Yes, Please to this article by Amy Orben and Andrew K. Przybylski, which I plan to pass around like I’m Oprah with cars. Titled The Association Between Adolescent Well-Being and Digital Technology Use, the paper does two of my favorite things: demonstrates the importance of theoretical precision & conceptual clarity in research design, and undermines moral panics about digital technology and mental health.

The effects of digital technologies on the mental lives of young people has been a topic of interdisciplinary concern and general popular worry. Such conversations are kept afloat by contradictory research findings in which digital technologies are alternately shown to enhance mental well-being, damage mental well-being, or to have little effect at all. Much (though not all) of this work comes from secondary analyses of large datasets, building on a broader scientific trend of big data analytics as an ostensibly superlative research tool. Orben and Przybylski base their own study on analysis of three exemplary datasets including over 350,000 cases. However, rather than simply address digital technology and mental well-being, the authors rigorously interrogate how existing datasets define key variables of interest, operationalize those variables, and model them with controls (i.e., other relevant factors).

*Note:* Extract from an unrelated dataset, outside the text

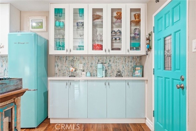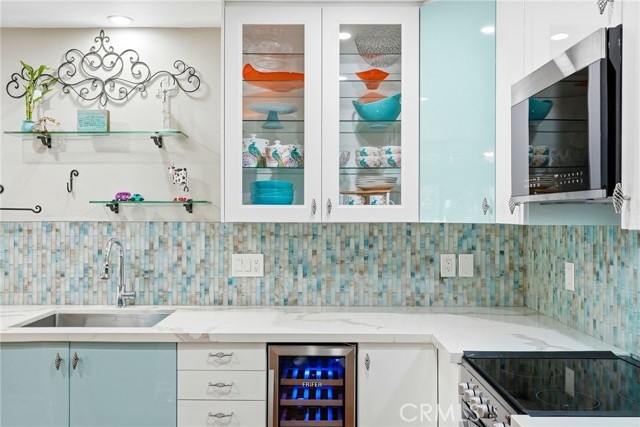 Experience relaxed coastal living in this beautifully updated loft-style condo with water views. This one-bedroom, one-bath home has been thoughtfully upgraded throughout, offering a bright and open floor plan accented by beach-inspired tones and luxury vinyl plank flooring. The living area features plantation shutters and opens to a private patio overlooking the tranquil lakes—perfect for relaxing and enjoying the scenery. The newly remodeled kitchen offers custom cabinetry, quartz countertops, a farmhouse sink, and a stylish retro refrigerator. All appliances are included for your convenience. A redesigned staircase with an elegant decorative iron railing leads to the spacious loft bedroom. The remodeled bathroom boasts marble flooring, a jetted soaking tub, and an Italian marble shower. The generous walk-in closet not only provides excellent storage but also includes an oversized washer and dryer. Additional modern upgrades include updated electrical and plumbing systems, a new wall-mounted AC/heating unit, and an EV charging outlet at the covered carport. Live the lifestyle you’ve been dreaming of—comfort, style, and waterfront surroundings all in one.

A key finding from their work is that existing datasets conceptualize, operationalize, and model digital technology and mental well-being in a lot of different ways. The variation is so great, the authors find, that researchers can construct trillions of different combinations, just to answer a single research question (i.e., is digital technology making teens sad?). Moreover, they find that analytic flexibility has a significant effect on research outcomes. Running over 20,000 analyses on their three datasets, Orben and Przybylski find that design and analysis can result in thousands of different outputs, some of which show negative effects of digital technology, some positive, and others, none at all.  Their findings drive home the point that big data is not intrinsically valuable as a data source but instead, must be treated with theoretical care. More data does not equal better science by the nature of its size. Better science is theoretically informed science, for which big data can act as a tool. While others have made similar arguments, Orben and Przybylski articulate the case in the home language of big data practitioners.

The second element of their study is that analyzing across the three datasets gives a result in which digital technology explains less than 1% of the variation in teens’ mental well-being (0.4%, to be exact). The findings do show that the relationship is negative, but only slightly. This means that 99% of teens’ mental well-being is correlated with things other than digital technology. Regularly eating potatoes showed a negative correlation similar to that of technology use in relation to teens’ mental health. The minuscule space of digital technology in the mental lives of young people sits in stark contrast to its bloated expanse within the public imagination and policy initiatives. For example, while  I was searching for popular press pieces about mental health among university students to use in a class for which I am preparing, it was a seeming requirement that authors agree on the trouble of technology, even when they disagreed on everything else.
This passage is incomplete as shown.